Are Expensive Skincare Products Really Better For You?

You’ve seen the commercials or posters and have probably been amazed at the before and after shots of women who transformed their faces with certain skincare products. Deep crevasses on the face magically change to light laugh lines that only add beautiful character. Pigment problems transform as if hit with a powerful eraser. These almost miraculous changes in skin draw us in – we want those kinds of results. The question that remains, though, is how much do we have to pay for results like that?

Price and Popularity

We know the game. Expensive things get attention. In turn, their popularity allows them to become more expensive. So from cars to homes to the cream we gently rub below our eyes at night, price and popularity can make us feel as if spending more gets us more.

Author Nadine Haobsh of the book Beauty Confidential reminds us that there is no overwhelming correlation between price and quality. In her years of experience in the industry, she has found that those miraculous products are just often in the running for the popularity contest – not necessarily in the proven results category.

Buying expensive toners, cleansers, and moisturizers can cost double, triple, or even ten-fold the prices of other products. But what are you paying for on these popular items?

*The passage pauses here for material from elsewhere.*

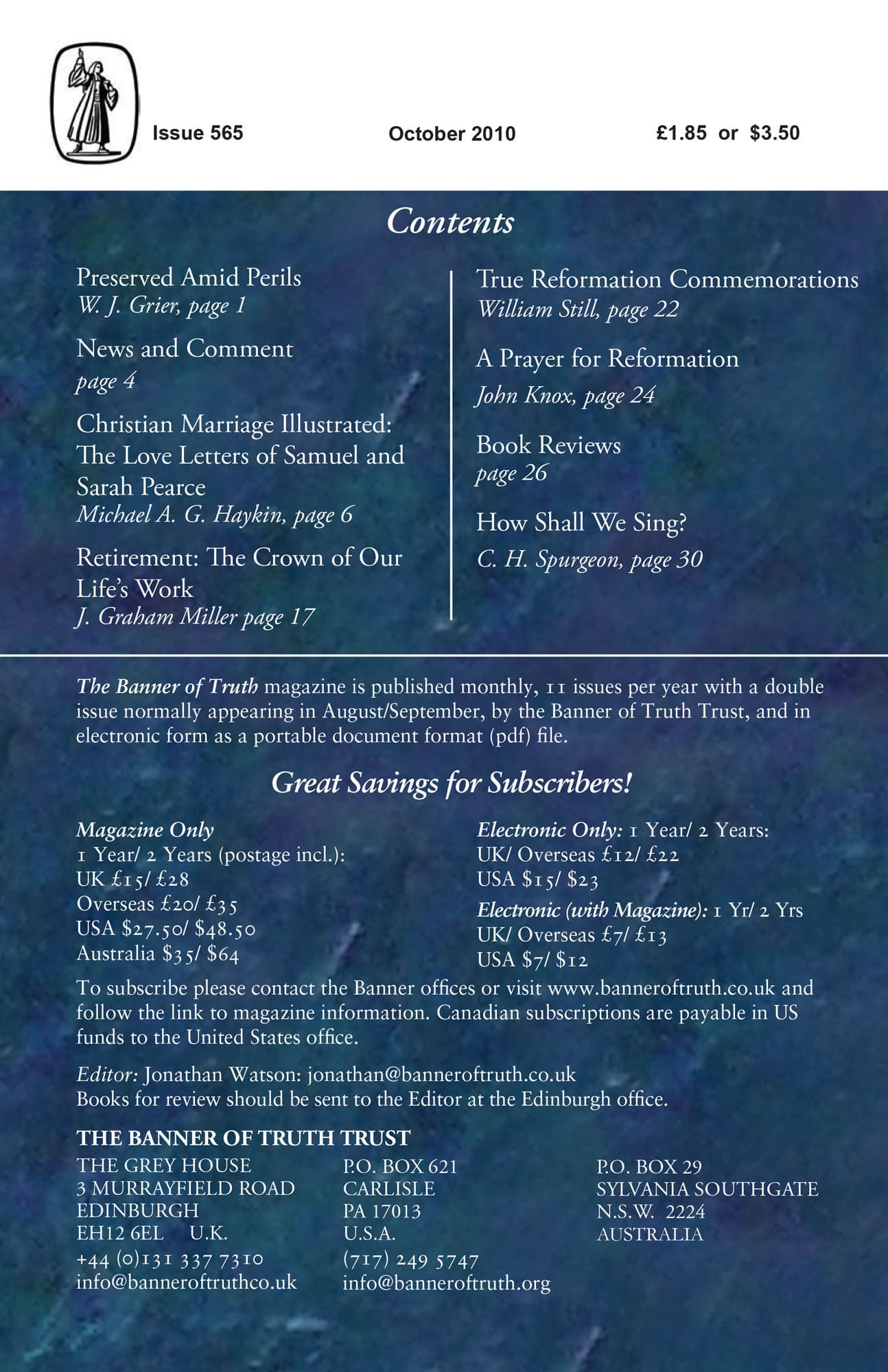 Subscribe to the Banner of Truth Magazine for 11 edifying issues each year (including summer double issue).

  • The name. There is prestige associated with brand names, and no matter how much we want to deny it, simply having a popular name attached to the product is alluring.
  • The marketing campaign. The skincare industry alone in 2016 topped $120 billion. A fair portion of this money goes towards advertising, and consumers pay for that upfront when they buy products with extensive campaigns behind the names.
  • The fun but maybe not functional packaging. Just like with fancy cars, the look may draw us in, but the look might have little to do with actually getting us where we want to go. As part of the marketing push, packaging drives prices upwards.
  • The space on the shelf. Those popular (and expensive) brands get premium space on the shelf at your local beauty counter. Third-party retailers profit when they can sell expensive products, so they aren’t going to hide them on the bottom or put them out of reach on the top shelves.

Paying for Quality

So in a world where price and popularity drive much of the skincare market, how can you pay for quality – and not the business behind the ingredients? It starts by reading labels and becoming a savvy consumer.

  • Read the labels of those pricey products. What goes into those tiny bottles and jars?
  • Compare labels. Grab other products that claim to provide the same results, but do not require you to hand over the equivalent of a car payment. What are they missing? Chances are, not much when compared to the more expensive alternatives.
  • Learn to decipher ingredients. Ingredients are listed by concentration, but anything below 1% can appear in any order. Ingredients can also appear as different names, adding to the consumer confusion. Vitamin A, for example, can appear in a list as retinol or retinal, or even retinyl palmitate.
  • Look for products that want to share what makes them so great – things like natural or mineral-based ingredients – instead of those manufacturers that want to hide behind phrases such as secret formula.

The real distinctions consumers need to make when selecting skincare products are those that recognize that value does not mean poor quality, and valuable does not have to cost a fortune. When we go through our nightly moisturizing routine, what we want to do is give our skin quality care. We don’t have to compete in the skincare popularity contest to do this.